For many observers, the story is emblematic of Erdogan’s seemingly unshakable hold on power.
In 2018, Selim Sazak, an adviser to one of Turkey’s smaller opposition parties, writing: “Tackling Erdogan has always been an honorable but doomed effort. Opposition groups have come up against insurmountable obstacles. Erdogan used all the advantages of his tenure; he had all the resources of the State at his disposal and the media was almost entirely under his control.”
Many observers now see the opposition’s chances as bleak.
“I don’t think the opposition will gain ground on May 28,” Arda Tunca, a columnist at Turkish news site PolitikYol, told CNBC.
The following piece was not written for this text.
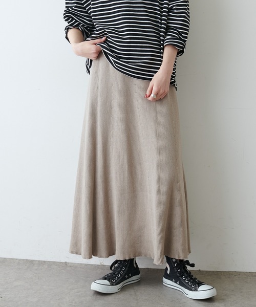 ピュアルセシン 2022 spring collection【Loose and classical】 ◇美シルエットなニットリブスカート◇ ●デザイン リラックス感のあるニットリブスカート。 編み立てによる成形なので脇線に縫い代がなく、 腰回りはスッキリとしつつも、歩くたびに裾に動きが付き女性らしいシルエットを作ります。 ウエストはゴムでリラクシーな穿き心地。 カジュアルにもレディライクにも着回せる優秀アイテムです。 ●カラー展開 オフ/ベージュ/ブラックの3色展開。 ●素材 柔らかく、伸縮性の高いニット素材。 程よく厚みがあり裏地もついているので、ショーツの透け感は気になりにくくなっています。 ●スタイリング ビッグシルエットのスウェットやチュニックはもちろん Tシャツをタックインするのもオススメ◎ スニーカーやバレエシューズからシーズンライクなブーツまで、様々なアイテムと相性抜群です。 =============================== 透け感:オフのみややあり 裏地:あり 伸縮性:あり 光沢感:なし 生地の厚さ:普通 【スタッフコメント】 年齢:20代前半/身長:152cm/普段着用サイズ:Mサイズ サイズ感:152cmでくるぶし程の丈感なので身長問わず着用できます。 素材感:柔らかくチクチク感はないニット素材。程よく厚みがあるので透け感は気にならなかったです。 =============================== ※撮影場所やお使いのモニター環境により若干お色味が異なる場合がございます。特にロケの撮影では明るく見える傾向にございます。 ※予約商品はサンプルで撮影をしております。若干の仕様が変更になる場合がございますので予めご了承の上ご注文くださいますようお願いいたします 。

Erdogan’s AK party also won a majority in Sunday’s Turkish parliamentary elections, meaning “Erdogan has the advantage of convincing the electorate that if the leader of the opposition is the winner, he will be a president. lame duck because parliament is formed by the incumbent government,” Tunca said. “So the power is on the side of the government in parliament.”
Still, Kilicdaroglu’s 44.9% of the vote is notable as the highest level ever for an opposition candidate, Orcun Selcuk, assistant professor of political science at Luther College in Iowa, said on Twitter. “The opposition have clearly failed to live up to expectations but it would be an error of judgment to say that opposition coordination has failed. There are significant gains but they are not enough.”
49% of Turks “voted for… an economic crisis”
Kilicdaroglu promised an overhaul of economic policies, which many investors had hoped for.
That hope, however, turned into concern after Sunday’s result, with the Borsa Istanbul stock market falling 6%, bank stocks down nearly 10% and the lira’s biggest percentage drop against the dollar in six months.
“Unfortunately, it seems [what] up to 49% of Turks voted for an economic crisis… The next two weeks we could see the currency crash,” Harris said.
The monetary tools the Erdogan administration has used to give the economy a semblance of stability are unsustainable, economists have warned, and after the election they will have to come to a halt, likely leading to high volatility .
“Erdogan’s significant outperformance in the first round represents one of the worst-case scenarios for Turkish assets and the lira,” said Brendan McKenna, emerging markets economist at Wells Fargo.
He expects the lira, which is currently trading at 19.75 to the dollar, to see a “sell off” in the near future and predicts that it will fall to 23 to the greenback by the end of June. .
Beata Javorcik, chief economist at the European Bank for Reconstruction and Development, told CNBC that Erdogan had “prioritized growth over macroeconomic stability.”
“There’s a limit to how long you can pretend the basic laws of economics don’t apply,” she said. “So there will be tough choices that the government in Turkey will have to make, no matter who leads that government.”
An unexpected kingmaker also emerged in the form of Sinan Ogan, an ultra-nationalist third-party candidate who exceeded expectations with more than 5% of the vote. Who his voters back in the run-off could determine the final outcome – and they are unlikely to back Kilicdaroglu.
Kilicdaroglu, meanwhile, shuffled his campaign team, firing some staff and stressing that the fate of the election is not yet sealed. “I’m here until the end,” he said in a video, slamming his hand on a table. But critics point out he still hasn’t spoken publicly to his supporters and say he has no clear second-round strategy.
“Kilicdaroglu’s non-appearance on Monday and the gloomy mood in his camp dealt a severe blow to his base,” Ragip Soylu, Middle East Eye’s Turkey bureau chief, wrote on Tuesday.